Chieri Kubota, professor and researcher, Ohio State University
Chieri Kubota at Ohio State University has her plate full with several different research projects, including growing leafy greens in low-pH solutions as a form of pest control.
“One of the projects is a new way to grow hydroponic leafy greens. What we have worked over the past five years is trying to grow leafy greens in a much lower pH, so in an acidic nutrient solution. Usually you don’t do that, but we want to try that because an acidic nutrient solution can potentially protect plants from disease. It’s like how, with pickles, for example, you can store fresh produce for a long time because it’s an acidic solution. Making the produce more acidic can protect it from fungal disease and stuff like that.

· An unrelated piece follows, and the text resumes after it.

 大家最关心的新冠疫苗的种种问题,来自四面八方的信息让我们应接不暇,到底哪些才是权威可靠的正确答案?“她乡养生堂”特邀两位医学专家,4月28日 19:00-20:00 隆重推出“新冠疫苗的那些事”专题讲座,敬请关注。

So, we are reducing pH to a crazy low like 4 or 4.5. The typical pH range is 5.5 to 6.5, so going down to 4 or 4.5 is a very unusual approach, but we found that many crop species can tolerate that range.”

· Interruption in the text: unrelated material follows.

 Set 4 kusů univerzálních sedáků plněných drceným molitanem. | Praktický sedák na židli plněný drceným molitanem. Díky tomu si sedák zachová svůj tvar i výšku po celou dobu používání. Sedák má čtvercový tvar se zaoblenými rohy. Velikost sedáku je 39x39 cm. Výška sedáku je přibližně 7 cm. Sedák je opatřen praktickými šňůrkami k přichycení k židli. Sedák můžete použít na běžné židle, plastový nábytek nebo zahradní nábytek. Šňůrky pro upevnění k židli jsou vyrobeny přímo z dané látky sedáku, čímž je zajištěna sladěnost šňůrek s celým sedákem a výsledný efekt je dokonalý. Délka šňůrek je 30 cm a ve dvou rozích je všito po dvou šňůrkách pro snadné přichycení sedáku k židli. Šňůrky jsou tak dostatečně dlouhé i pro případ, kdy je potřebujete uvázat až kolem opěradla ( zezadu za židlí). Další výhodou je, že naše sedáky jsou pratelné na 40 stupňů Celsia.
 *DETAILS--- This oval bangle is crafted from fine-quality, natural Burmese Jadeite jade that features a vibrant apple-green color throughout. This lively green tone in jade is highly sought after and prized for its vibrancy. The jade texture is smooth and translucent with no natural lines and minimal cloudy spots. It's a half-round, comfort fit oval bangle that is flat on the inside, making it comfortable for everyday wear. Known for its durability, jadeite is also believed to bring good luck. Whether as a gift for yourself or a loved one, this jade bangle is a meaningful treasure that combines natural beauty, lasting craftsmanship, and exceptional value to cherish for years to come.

“And then our plant pathology study with my collaborator in the plant pathology department also confirmed that some of the fungal disease in hydroponics can’t tolerate low pH, so we are about to start recommending a low pH approach as a sort of preventative method for leafy greens because this is one of the big issues for leafy greens. If you encounter pythium or other diseases, then you have to basically terminate the production because it’s very difficult to control. So that’s one interesting project.”
Kubota, who introduced greenhouse strawberry production to the United States more than a decade ago, is bolstering her research to include propagation. She is also working on using different lighting and airflow strategies to mitigate tipburn in lettuce in vertical farms, and she is working on vegetable transplant technology called vegetable grafting.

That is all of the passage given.